Isn’t it awful when you see a slow-moving trainwreck unfolding before your very eyes?
Like two trains on a collision course, the speed may not be too great but the inevitability and magnitude of the crash can’t be doubted.
If only this could have been predicted or avoided somehow…
I don’t know, maybe with central banks following rules-based interest rates such as the “Taylor rule” (???) instead of breeding an environment the past 10 years of low interest rate loans to anyone with a business plan and a pulse?
Could that have helped?
Interesting times lie ahead, for sure.
Oof. Ouch. Owie. This is bad.
“Those who do not learn from history are doomed to repeat it”
The last 10 years of a roaring economy were pretty sweet weren’t they? Welp, fun’s over.

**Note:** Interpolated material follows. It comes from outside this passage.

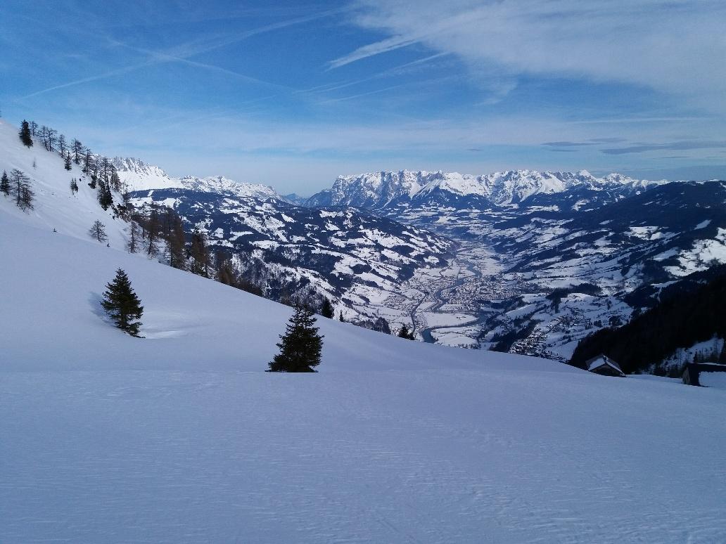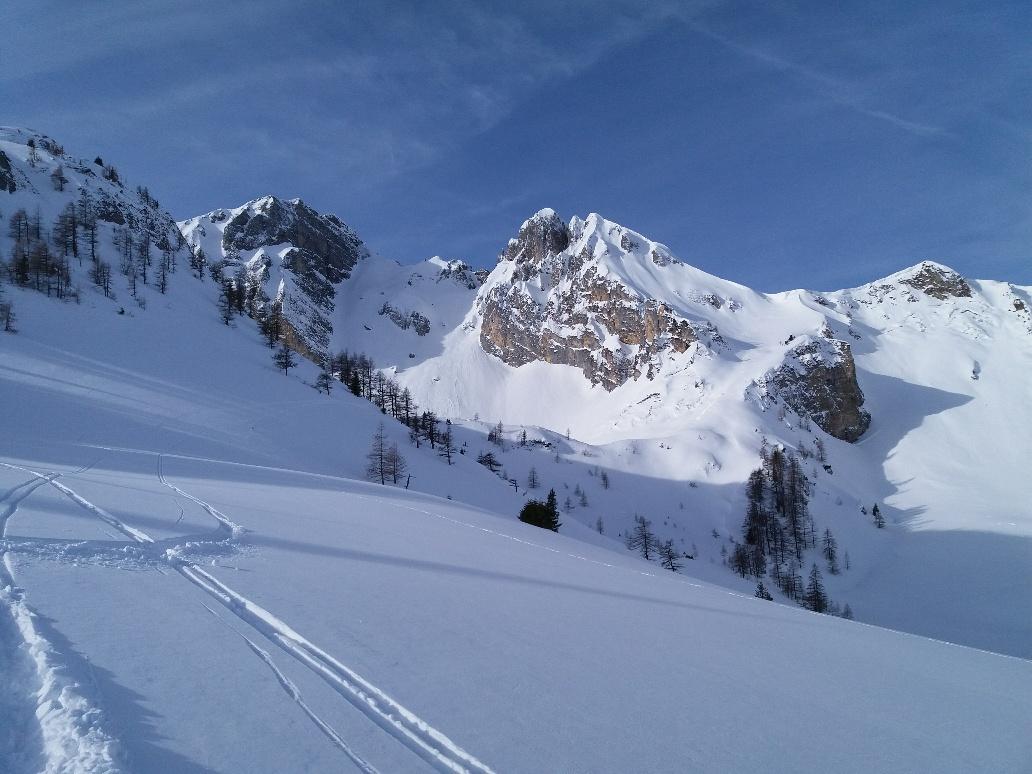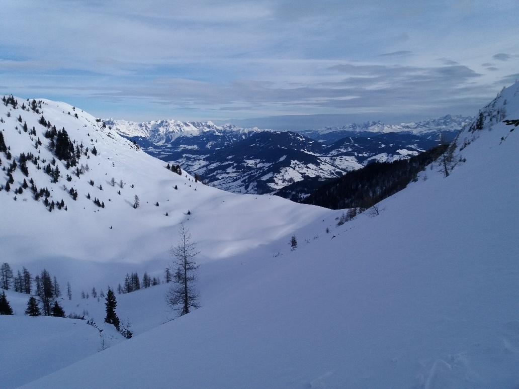Vom Parkplatz Himmelsknoten/Holzlehen in Großarl, Ortsteil Schied durchs Nigltal auf den Schober. Die zu rechter Seite südseitig ausgerichteten Hänge sind großteils entladen. Im oberen Bereich kommt Wind auf und es kündigt sich die Wetterveränderung an. Der Schnee war nahezu im ganzen Kar perfekt zu fahren, herrlicher Pulver sogar über die Tennalm hinunter bis nach St. Johann auf 800 Meter noch Rauhreifraschelpulver.

Japan’s asset bubble pop in 1989/90 showed us even a strong economy can be subject to mismanagement. In their (and now our) case, this takes the form perpetually of low interest rates and too easy loans in a roaring economy.
These low rates leave a mess in the making for when a recession actually *does* hit and rates can’t be lowered any further.

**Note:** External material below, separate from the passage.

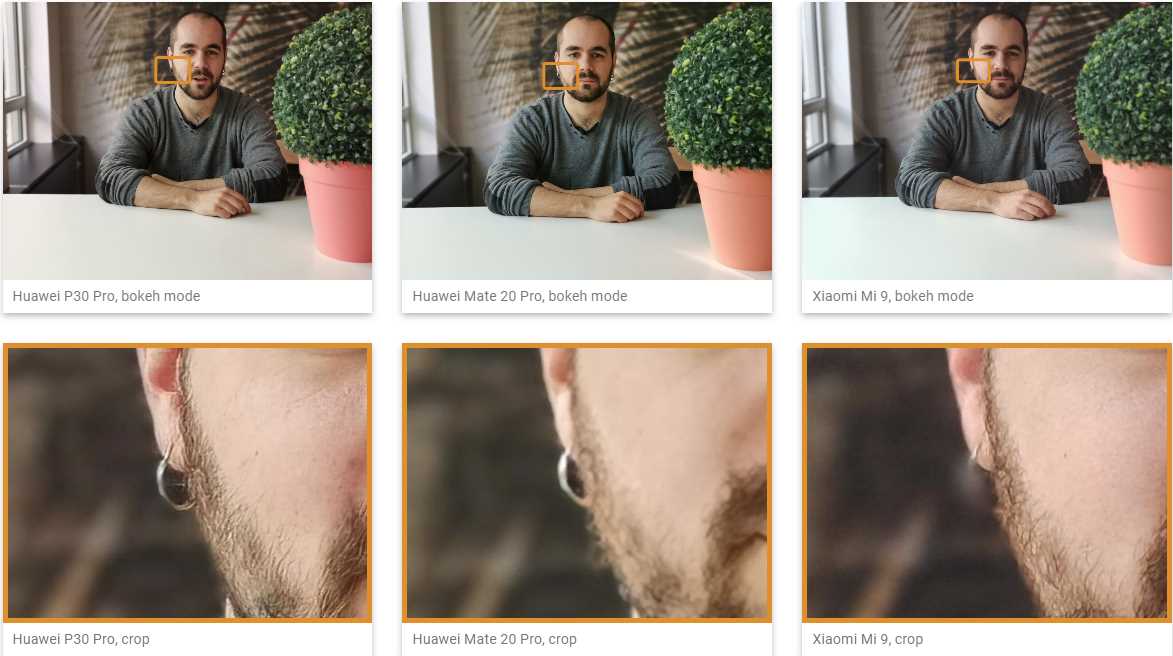 Режим боке в P30 Pro также хорошо размывает объекты на переднем плане, например, растение на столе в примере ниже. В этом сравнении новый смартфон обеспечивает наилучшую детализацию лица и лучше всего справляется с такими сложными элементами сцены, как серьга в ухе.

I’m not a smart man, but I would wager that “helicopter drops” and other forms of fiscal stimulus (at this point likely to be based on QE) will be only meekly effectual at best.
This is not a demand crisis a la 08, so throwing money at the issue won’t work the way it did back then. Be smart. Look at the problem from all sides. What we’re encountering is a public health, labor, and supply problem. Throw money at that instead.
Ineffectual and poorly though out stimulus could serve only serve to weaken the dollar.